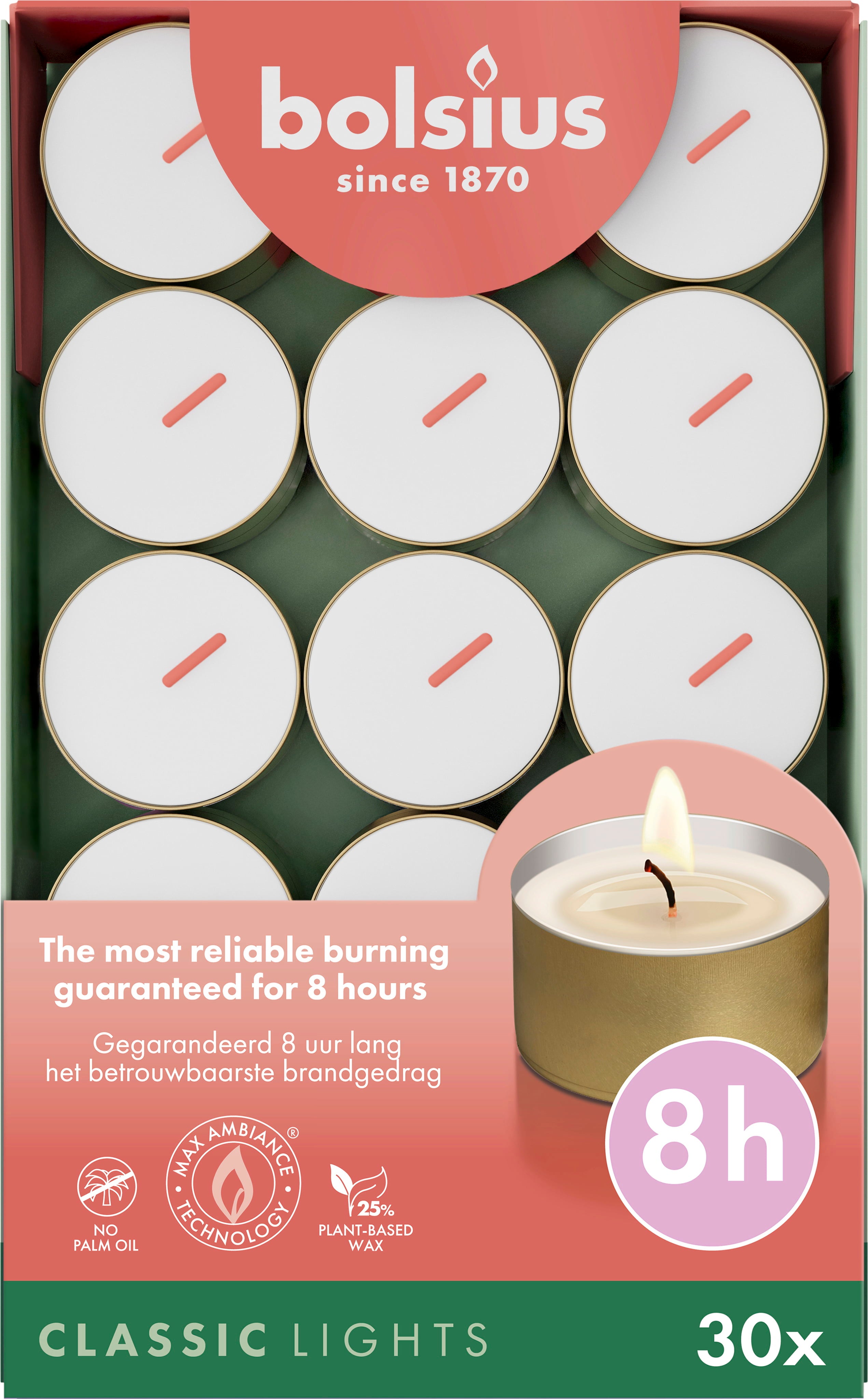 bolsius Essentials - Velitas de Té Classic 8 h (30 uds.)
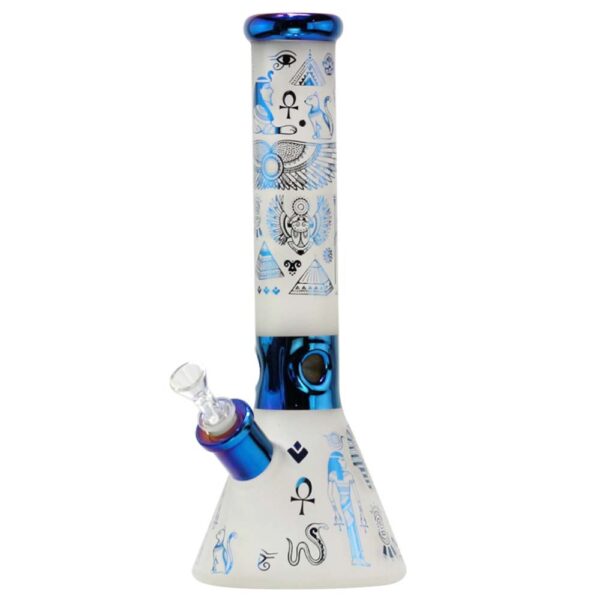 Stikla ūdenspīpe “Amsterdam Egyptian Arts” 36 cm stikla ūdenspīpei ir stikla biezums līdz 7 mm, tās 18,8 mm caurule ir aprīkota ar 14,5 mm galvu.
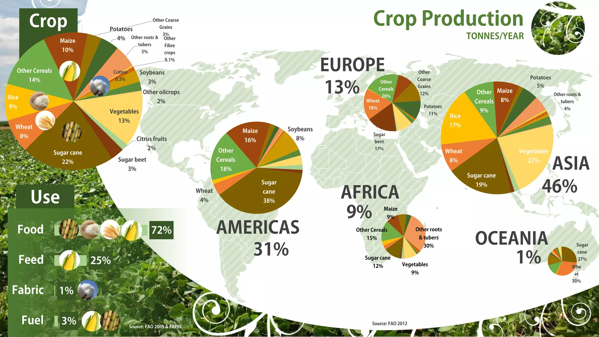 This document shows graphs of the yield per hectare from 1961 to 2009 for several key crops like maize, potatoes, rice, soybeans and wheat. The yields for all crops have increased significantly over this period. A second graph shows the global supply of calories per person per day from major food sources like maize, potatoes, rice, soybeans and wheat, which has also risen considerably since 1961 according to the food supply quantity data.
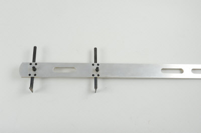 A GUNMAKER'S BEND AND CAST MEASURING STICK the aluminium stick with graduated sliding rules to measure bend and cast |
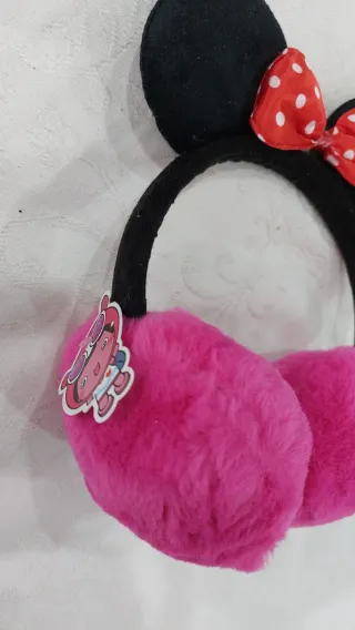 Morbidi paraorecchie ispirati a Minnie Mouse, perfetti per un tocco di stile. - Orecchie nere rotonde. - Fiocco rosso a pois bianchi. - Paraorecchie in peluche rosa.
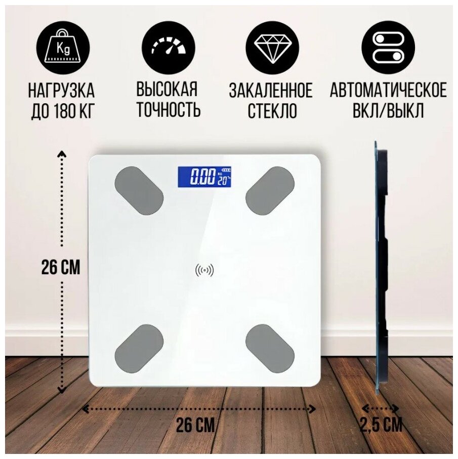 Весы напольные для ванной / умные-весы с bluetooth управлением Цвет: Белый информация:
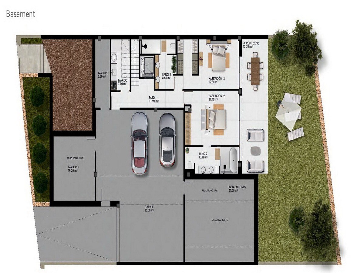 11 unikalių ir skirtingų vilų kompleksas su atskirais sklypais iki 622 m2, bendras užstatymo plotas iki 422 m2 ir privačiu baseinu.
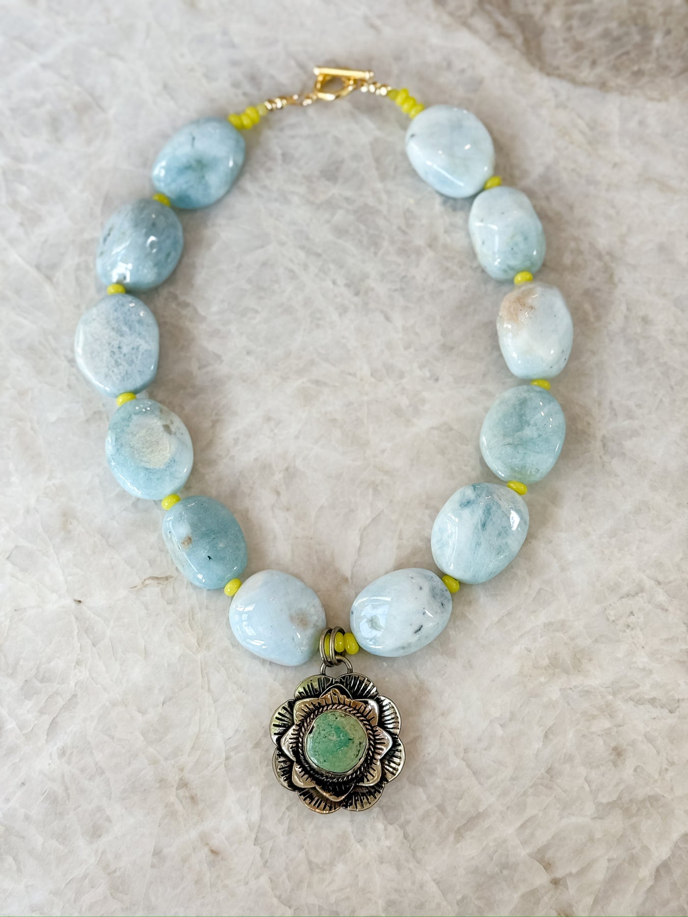 Beaded necklace that showcases amazonite beads and a unique silver and turquoise pendant with a delicate 14K gold-plated toggle clasp.
○ ○ ○ ○
What you should repeat exactly is the run of lines from the top of the listing above through the line with "14,5 mm galvu.", without pictures.

_Task output_
 bolsius Essentials - Velitas de Té Classic 8 h (30 uds.)
 Stikla ūdenspīpe “Amsterdam Egyptian Arts” 36 cm stikla ūdenspīpei ir stikla biezums līdz 7 mm, tās 18,8 mm caurule ir aprīkota ar 14,5 mm galvu.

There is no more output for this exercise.